The creators of `retroharmonize` are not affiliated with either
Afrobarometer, Arab Barometer, Eurobarometer, or the organizations that
designs, produces or archives their surveys.

We started building an experimental APIs data is running retroharmonize
regularly and improving known statistical data sources. See: [Digital
Music Observatory](https://music.dataobservatory.eu/), [Green Deal Data
Observatory](https://greendeal.dataobservatory.eu/), [Economy Data
Observatory](https://economy.dataobservatory.eu/).

## Citations and related work

### Citing the data sources

Our package has been tested on three harmonized survey’s microdata.
Because [retroharmonize](https://retroharmonize.dataobservatory.eu/) is
not affiliated with any of these data sources, to replicate our
tutorials or work with the data, you have download the data files from
these sources, and you have to cite those sources in your work.

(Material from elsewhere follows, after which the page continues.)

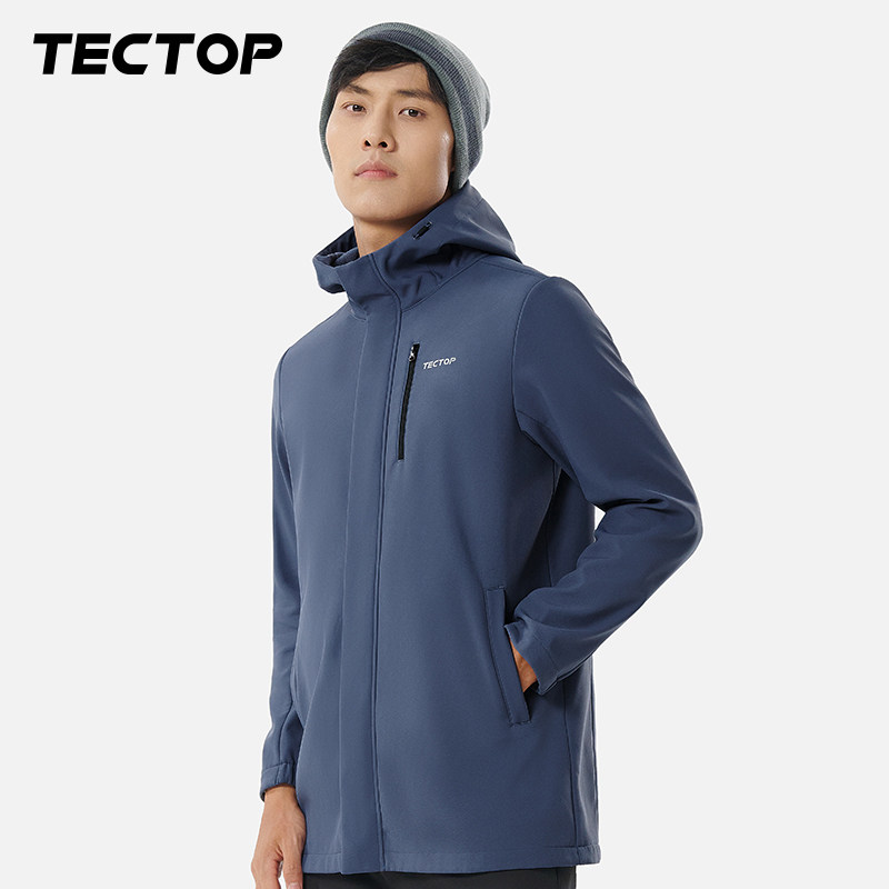 探拓户外运动软壳衣男士秋冬防风防水加绒冲锋衣连帽保暖登山外套
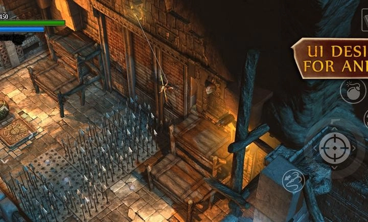 标枪既是武器也是攀爬工具。面对高墙时,将标枪射入墙面作为垫脚石,逐步攀爬。

**Afrobarometer** data: Cite
[Afrobarometer](https://afrobarometer.org/data/) **Arab Barometer**
data: cite [Arab
Barometer](https://www.arabbarometer.org/survey-data/data-downloads/).
**Eurobarometer** data: The
[Eurobarometer](https://ec.europa.eu/commfrontoffice/publicopinion/index.cfm)
data
[Eurobarometer](https://ec.europa.eu/commfrontoffice/publicopinion/index.cfm)
raw data and related documentation (questionnaires, codebooks, etc.) are
made available by *GESIS*, *ICPSR* and through the *Social Science Data
Archive* networks. You should cite your source, in our examples, we rely
on the
[GESIS](https://www.gesis.org/en/eurobarometer-data-service/search-data-access/data-access)
data files.

### Citing the retroharmonize R package

For main developer and contributors, see the
[package](https://retroharmonize.dataobservatory.eu/) homepage.

This work can be freely used, modified and distributed under the GPL-3
license:

``` r
citation("retroharmonize")
#> 
#> To cite package 'retroharmonize' in publications use:
#> 
#>   Daniel Antal (2021). retroharmonize: Ex Post Survey Data
#>   Harmonization. https://retroharmonize.dataobservatory.eu/,
#>   https://ropengov.github.io/retroharmonize/,
#>   https://github.com/rOpenGov/retroharmonize.
#> 
#> A BibTeX entry for LaTeX users is
#> 
#>   @Manual{,
#>     title = {retroharmonize: Ex Post Survey Data Harmonization},
#>     author = {Daniel Antal},
#>     year = {2021},
#>     note = {https://retroharmonize.dataobservatory.eu/,
#> https://ropengov.github.io/retroharmonize/,
#> https://github.com/rOpenGov/retroharmonize},
#>   }
```

### Contact

For contact information, see the
[package](https://retroharmonize.dataobservatory.eu/) homepage.

### Code of Conduct

Please note that the `retroharmonize` project is released with a
[Contributor Code of
Conduct](https://www.contributor-covenant.org/version/2/0/code_of_conduct/).
By contributing to this project, you agree to abide by its terms.